Abnormalities in liver X receptor β−/− (LXRβ−/−) mice include impaired motor performance. Body weight (A), Rotarod (B), running time (C), and grip strength (D) were analyzed once a week in LXRβ−/− (broken lines) and wild-type (WT) (black lines) mice from ages 27 to 100 weeks. Each point represents the mean ± SD obtained for each experimental group (n = 15). p<0.001 between the WT and LXRβ−/− groups for all performance tests. (E) Representative figure showing the correct procedure of mouse positioning and traction to minimize the effect of the body weight in the grip strength evaluation.
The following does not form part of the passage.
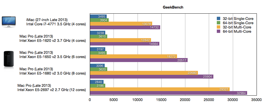 そのおかげでCore数に比例してGeekBenchのMulti-Coreスコアも(線形に)上昇している。しかし、Single-Coreについて見てみれば、12-CoreはActiveCore 1の時、動作周波数3.5GHzなのでMac Pro Late 2013の中でも一番低く、4, 6, 8-CoreはActiveCore 1の時 3.9GHzで動作するのであまりベンチマークスコアに差がない。

Lipopolysaccharide Treatment and Enzyme-Linked Immunosorbent Assay

Plasma levels of tumor necrosis factor (TNF) and interleukin 6 (IL-6) were measured at ages 3, 10, and 24 months. Both cytokines were measured 90 minutes after lipopolysaccharide administration (35 μg/kg), diluted in saline solution (10 μL/g body weight, intraperitoneally), or after administration of the same volume of vehicle. Animals were killed by decapitation. Blood was collected in heparinized vials and centrifuged at 2,000 × g for 10 minutes at 4°C. Tumor necrosis factor and IL-6 were measured in the supernatants by enzyme-linked immunosorbent assay (ELISA) using commercial kits according to the suppliers' protocols (TNF, DuoSet ELISA, R&D Systems, Minneapolis, MN; IL-6, mouse IL-6 ELISA Ready-Set-Go, e-Bioscience, Rome, Italy).

Cholesterol Measurement

Total plasma cholesterol levels were measured by colorimetric analysis (500 nm) using a commercial kit (Cholesterol 20; Sigma Diagnostic, St Louis, MO). Liver and spinal cord were homogenized and lipids were extracted overnight with chloroform/methanol mixture. Spinal and liver cholesterol values were normalized to the relative protein amount (14). All experiments were performed using tissues from 3-month-old LXRβ−/− and age-matched WT mice.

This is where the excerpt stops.